Understanding ZFS System Attributes
Like most filesystems, ZFS faces the file attribute problem. It has a bunch of file attributes, both visible ones like the permission mode and the owner and internal ones like the parent directory of things and file generation number, and it needs to store them somehow. But rather than using fixed on-disk structures like everyone else, ZFS has come up with a novel storage scheme for them, one that simultaneously deals with both different types of ZFS dnodes wanting different sets of attributes and the need to evolve attributes over time. In the grand tradition of computer science, ZFS does it with an extra level of indirection.

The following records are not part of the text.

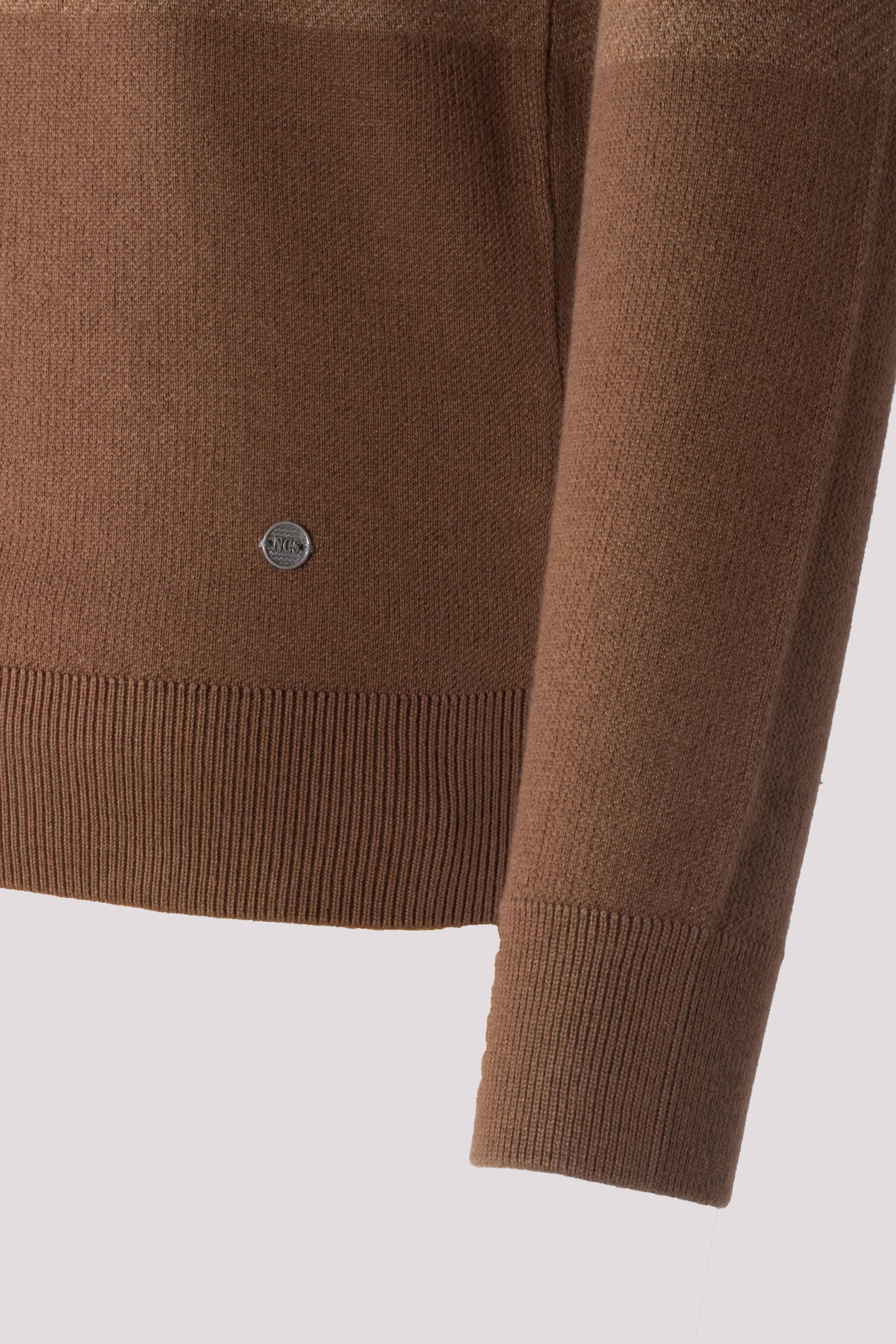 Erkek Triko Kahve Bisiklet Yaka Desenli Slim Fit Pamuklu Kazak NCS JEANS 3730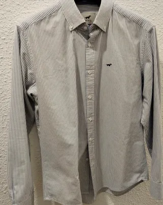 Camisa en perfecto estado, sin desperfectos. Usada tan solo un par de veces. - Corte recto (regular fit), cuello tradicional y botones frontales blancos con el nombre de la marca en hilo a contraste. - Puño con doble botón y botones de repuesto. - Detalle del logo de la marca bordado en faldón delantero. - Diseño de cuadros tipo tartán en tonos azul marino, gris y naranja. - Etiqueta interior cortada porque molestaba. Ancho hombros: 50 cm Largo: 79 cm Largo manga: 69 cm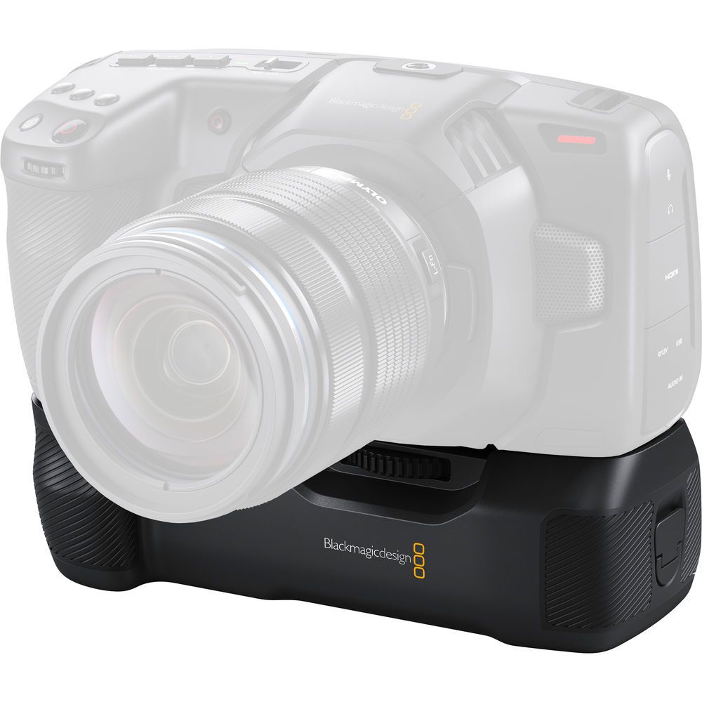 The grip's two batteries enable you to run your BMPCC 6K/4K camera for up to two hours or to provide power to an external flash drive. When you're not shooting, the batteries can be charged in the grip using your camera's DC connection. The grip's design creates a larger, non-slip handgrip and it incorporates a storage slot for your camera's battery door cover.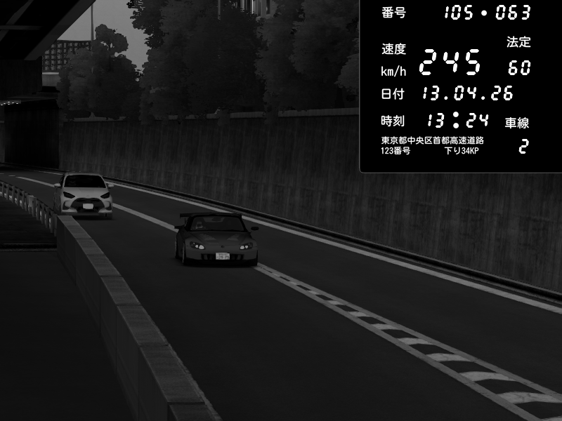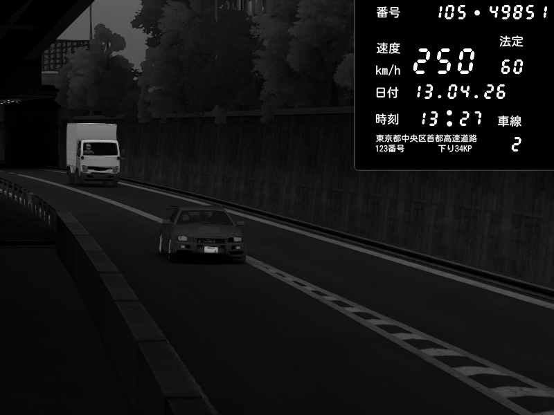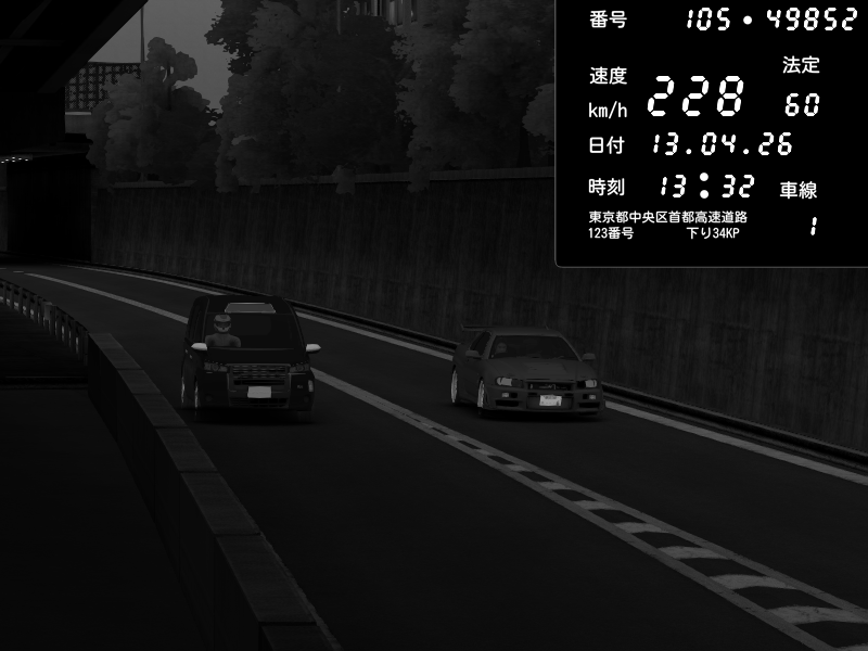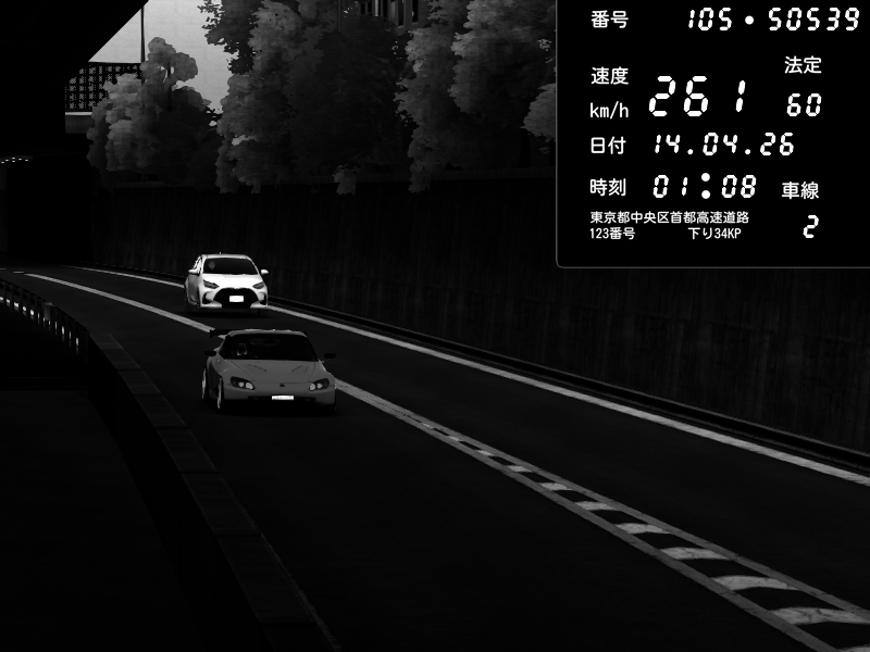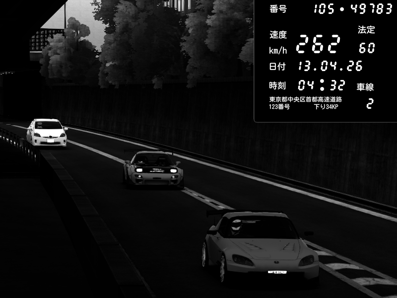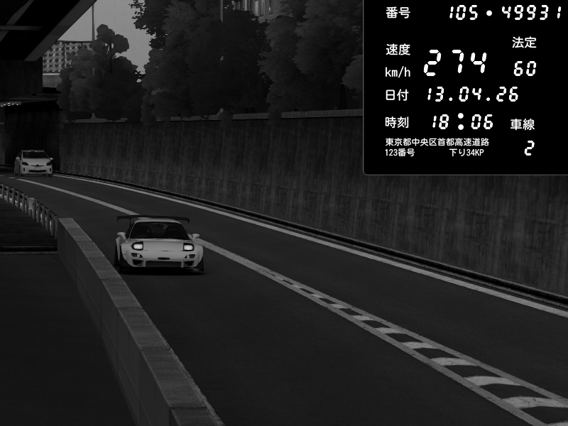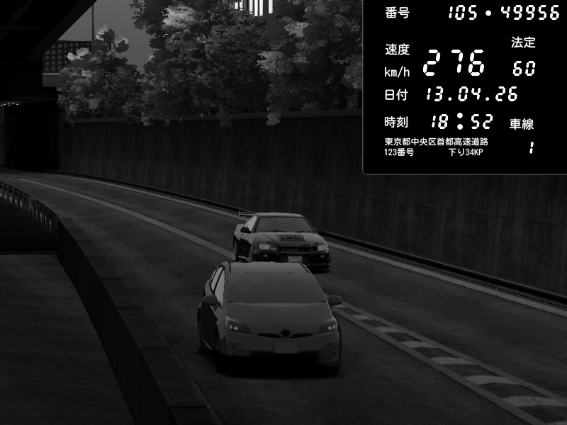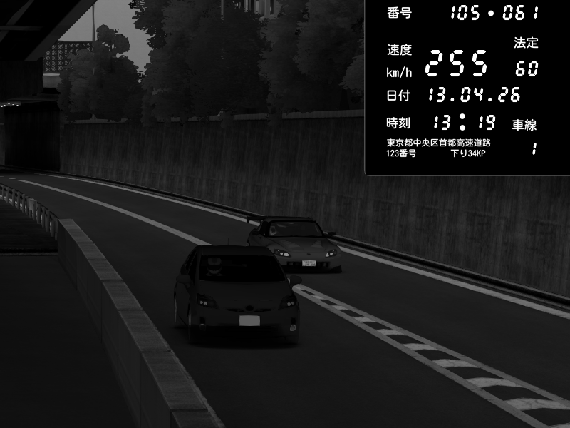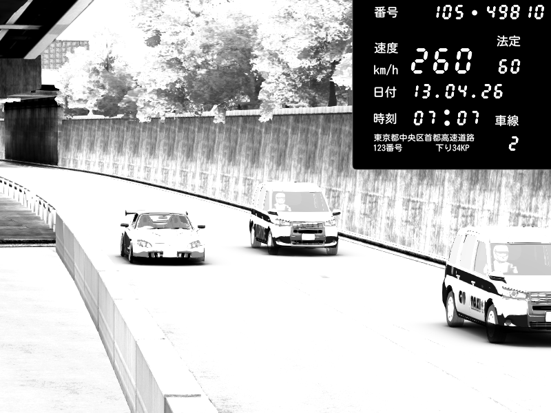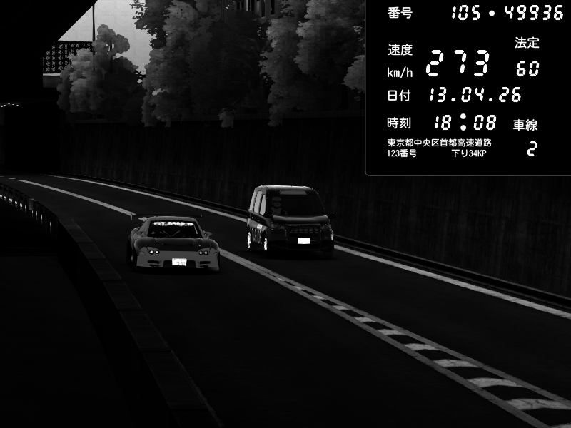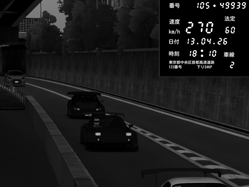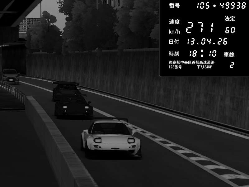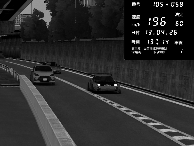 | 2026/04/13 18:09 | C1外回り 京橋 | 273 / 60 km/h | Pixy | Pit Road M - Mitsubishi GTO Twin Turbo | CAPTURE |

Like most filesystems, ZFS puts these attributes in dnodes using
some extra space (in what is called the dnode 'bonus buffer').
However, the ZFS trick is that whatever system attributes a dnode
has are simply packed into that space without being organized into
formal structures with a fixed order of attributes. Code that uses
system attributes retrieves them from dnodes indirectly by asking
for, say, the
ZPL_PARENT of a dnode; it never cares exactly how
they're packed into a given dnode. However, obviously something
One way to implement this would be some sort of tagged storage, where each attribute in the dnode was actually a key/value pair. However, this would require space for all of those keys, so ZFS is more clever. ZFS observes that in practice there are only a relatively small number of different sets of attributes that are ever stored together in dnodes, so it simply numbers each distinct attribute layout that ever gets used in the dataset, and then the dnode just stores the layout number along with the attribute values (in their defined order). As far as I can tell from the code, you don't have to pre-register all of these attribute layouts. Instead, the code simply sets attributes on dnodes in memory, then when it comes time to write out the dnode in its on-disk format ZFS checks to see if the set of attributes matches a known layout or if a new attribute layout needs to be set up and registered.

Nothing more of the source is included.